It is much easier to see what is coming up than down, if going up some Ahole doesn't pull into a passing place on their way down, it means the one coming up has to possibly back down a hill, lots of people can't reverse a car never mind a MoHo, so it should be those coming down who give way, the fact that it is easier to roll off down hill, than burn a clutch out is irrelevant, it's common sense, which seems to be highly lacking on steep winding hills, that and common courtesy.

Just saying as a Professional driver for 30 odd years, and it's how I drive.


----------



## H1-GBV (Feb 28, 2006)

FOR THOSE OF A DELICATE NATURE, THIS THREAD MAY CONTAIN TOO MUCH INFORMATION!
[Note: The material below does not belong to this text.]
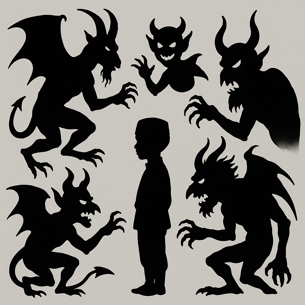 Оказалось, что они обсуждают - дьяволов, демонов, и вот все такое, а не шайтанов и иблисов. Из семей, что характерно, не идет ни то, ни другое. В религиозных семьях, наверное, идет, но не проникает в детский мир специально созданных страхов, чтобы боляться и кайфовать от того, что боишься и щекочешь нервы. И уж тем более - ни леших, ни шурале, ни, даже, инопланетян.

The sliding mechanism didn't! I had to get my fingers down inside, pull and twist until it could be fully opened and therefore used. IF I'd closed it, we would have been up the creek without a paddle (as it were!) so I placed an empty bean tin in a sealable plastic bag, adding a couple of tissues for wadding. This was then jammed into the orifice so the smells didn't come out and, when we were jolting around the roads, neither did any of the contents. :blob6: When nature called, the bag was placed inside a carrier bag on the washroom floor and everything was disposed off once the problem was solved.

We stopped at every garage, outdoor shop, campsite (with "office"), ship's chandlers and asked every MHer for ideas but the first spares we could get were just outside Falkirk (Murray's Caravans: their post code is not particularly accurate but they helpfully allowed me to dispose of my "old" contents when I spent £120 on a new cassette: Brownhills (Newark) provided cheaper pump & electrics AND gave me a 30%discount).

The general consensus on spares was that there may be some available near Inverness, but Edinburgh/Glasgow would be more successful.

Despite all that we had a good time and found almost every driver to be courteous and considerate on the Single Track roads: slightly wider routes offered the usual problems of trying to agree who would squeeze past whom and at which part of the road (the Scenic Route to Plockton caused the greatest difficulties, with one driver just "freezing")

For family reasons we travelled in both directions via Teesside and enjoyed the A68 (Darlington, Carter Bar, Edinburgh) on the way up and B6355 (Edinburgh, Berwick on Tweed) coming back, especially as this allowed us to partake of another lovely meal at BritStop768. We also preferred BS819 to 818 en-route to Inverness.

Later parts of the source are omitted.